Selang beberapa menit Sam pun turun dari lantai atas dan dia membungkuk hormat kepada Ricky
"Selamat datang Bos". Sapa Sam
"Seperti nya Sam lebih baik dari pada Erick". Kata Ipank
Ricky berjalan keluar menuju halaman rumah nya dan dia memilih untuk duduk di gazebo yang ada di halaman sambil mengamati mereka yang sedang berkebun
"Saya sudah membuat perusahaan keluarga nona Haruka menjadi tidak stabil bos, namun saya juga membuat nya stabil jika dia mencari bantuan ke perusahaan yang lain nya". Kata Sam
Hal itu dia lakukan agar Kenzo tidak curiga dengan pergerakan nya apalagi dia juga mengawasi Haruka sekarang ini dan mungkin juga dia tahu jika Ricky akan balas dendam kepada Haruka
"Lakukan saja Sam semua nya asal Lo bisa membuat dia menderita gue akan menyetujui nya dan jangan lupa juga bahwa gue ingin merobek mulut nya dengan tangan gue sendiri". kata Ricky
"Baik bos, saya akan memberikan nona Haruka nanti kepada anda". Kata Sam
"Apa Lo tidak merindukan Erick, Sam?". Tanya Ipank
"Gue rasa dia tidak merindukan nya Pank dan juga apa yang Lo katakan tadi mungkin benar bahwa Sam memang lebih baik dari pada Erick". Kata Rere
"Mungkin tuan salah menilai karena Erick sekarang sudah jauh lebih hebat". Kata Sam
"Tapi memang Lo yang masih lebih hebat Sam dari pada dia". Kata Ipank
Ricky hanya mendengar kan saja sebab memang apa yang di katakan sahabat nya tentu lah benar. Ricky beruntung mendapat kan Sam dan meskipun Kenzo kuat pun tidak akan jadi masalah bagi nya karena dia tahu pasti Kenzo akan sedikit kesulitan mencari tahu tentang nya tapi sebalik nya Ricky lebih mudah mendapat kan informasi apapun karena ada Sam yang selalu bisa membantu nya.
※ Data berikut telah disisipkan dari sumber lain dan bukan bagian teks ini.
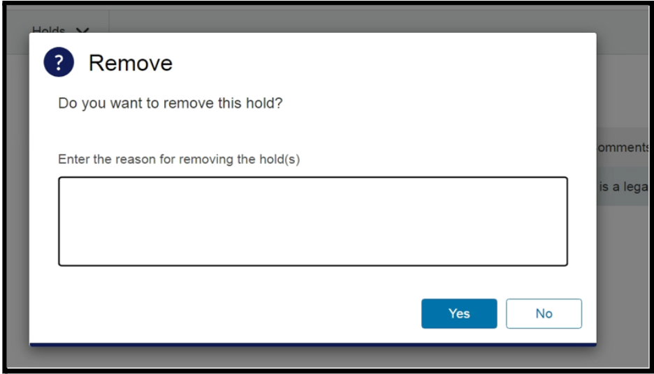 A confirmation pop up will appear as shown below. Capture the name of the person providing the instruction to remove the legal hold, the date this was effective, and the associated ticket number. Then click on Yes.
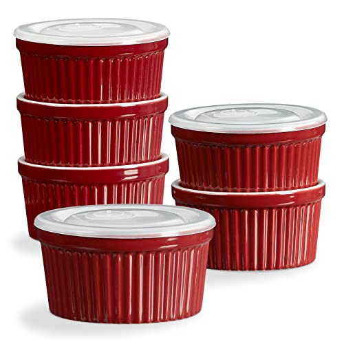ONEMORE Keramiska ramekiner med lock – 237 ml, set med 6 – ugnssäkra bakformar/koppar – för crème brulee, pudding, serveringsdipp, frukt, glass – röd

Di sebuah gudang yang jauh dari perkotaan dan terlihat tidak terawat juga di sana sudah ada Justin dan juga Erick anak buah Kenzo yang kini sedang melakukan transaksi senjata ilegal
"Kenapa bos mu tidak datang kemari?". Tanya Justin
"Maaf,tuan kami sedang sibuk jadi dia tidak bisa ikut bertransaksi". Kata Erick
"Apa bisa aku bertemu dengan dia sekarang?". Tanya Justin
"Maaf tuan, untuk saat ini tuan kami tidak bisa di ganggu sama sekali". Kata Erick dengan sopan nya
"Cih sehebat apa dia hingga tidak mau bertemu dengan ku". Kata Justin yang merasa sangat di remehkan sekali sekarang.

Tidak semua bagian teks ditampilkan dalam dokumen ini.